L’Organisation mondiale de la santé (OMS) a affirmé vendredi que le risque de propagation du virus mortel Nipah, en dehors de l’Inde restait faible, soulignant la capacité des pays d’Asie du Sud à contenir les cas d’infection.
Ces déclarations interviennent après l’enregistrement de deux cas de contamination en Inde, ce qui a poussé plusieurs pays asiatiques, dont Hong Kong, la Malaisie, Singapour, la Thaïlande et le Vietnam, à renforcer les contrôles dans les aéroports par mesure préventive pour éviter la transmission.
L’OMS estime que le risque de propagation à partir de ces deux cas reste faible, précisant qu’il n’existe à ce jour aucune preuve d’une transmission accrue entre humains, et qu’elle suit la situation en coordination avec les autorités sanitaires indiennes.
L’Organisation a expliqué que le virus Nipah se transmet principalement entre les chauves-souris et d’autres animaux, comme les porcs, et peut infecter l’homme lors d’un contact avec des chauves-souris contaminées ou des fruits souillés.
Le virus présente une forte mortalité, allant de 40 à 75 %, et aucun traitement validé n’existe actuellement, bien que plusieurs vaccins soient en cours de développement et d’essais cliniques.
Les experts en virologie soulignent que les foyers épidémiques restent généralement petits et limités, et que le risque pour la population demeure faible, précisant que la transmission entre humains nécessite un contact prolongé avec les personnes infectées.
L’OMS classe le virus Nipah parmi les agents pathogènes prioritaires, en raison de son taux de mortalité élevé, de la difficulté de le contrôler et de son potentiel à muter en souches plus transmissibles.
OMS : le taux de mortalité lié au virus Nipah en Inde atteint 75 %
L’Organisation mondiale de la santé (OMS) a mis en garde contre la dangerosité du virus Nipah, après la détection de cas d’infection en Inde au cours de janvier en cours, indiquant que le taux de mortalité lié à cette infection varie entre 40 et 75 %, selon la souche du virus et l’efficacité des systèmes de surveillance et de prise en charge dans chaque région.

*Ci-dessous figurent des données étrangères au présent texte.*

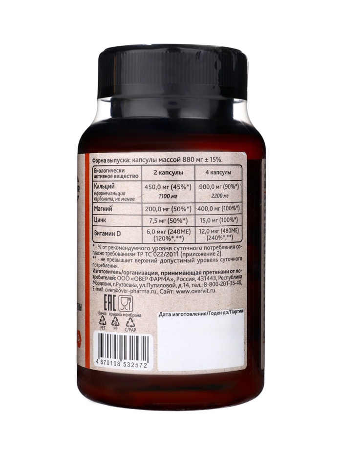 Цинк + Витамин С OVERvit, 60 капсул 3 фото

Le porte-parole officiel de l’OMS à Genève, Tarik Jasarevic, a déclaré que le virus demeure parmi les plus dangereux au monde, en raison de l’absence de traitement ou de vaccin efficace, ajoutant que la maladie provoque de la fièvre et une encéphalite, pouvant entraîner des lésions et la mort des cellules cérébrales.
L’OMS a appelé à l’adoption de mesures préventives strictes afin de limiter la transmission de l’infection des chauves-souris à l’homme, notamment en faisant bouillir la sève de palmier-dattier, en lavant et en épluchant les fruits avant leur consommation, ainsi qu’en éliminant les fruits présentant des traces de morsures de chauves-souris.
L’Organisation a également insisté sur la nécessité d’utiliser des équipements de protection individuelle lors de la manipulation des animaux, en particulier les chevaux ainsi que les chats domestiques et sauvages, chez lesquels des infections naturelles ont été signalées.
Dans l’Etat indien du Bengale occidental, les autorités ont fait état de plusieurs infections au virus Nipah parmi les professionnels de la santé, actuellement pris en charge à l’hôpital de Barasat, où ils sont placés en isolement et assistés par des appareils de ventilation artificielle.
Selon le journal Times of India, le virus Nipah figure sur la liste des dix maladies prioritaires de l’Organisation mondiale de la santé, en raison de sa capacité de propagation rapide et de son taux de mortalité élevé, compris entre 40 % et 75 %, ainsi que de l’absence, à ce jour, de vaccin ou de traitement spécifique homologué.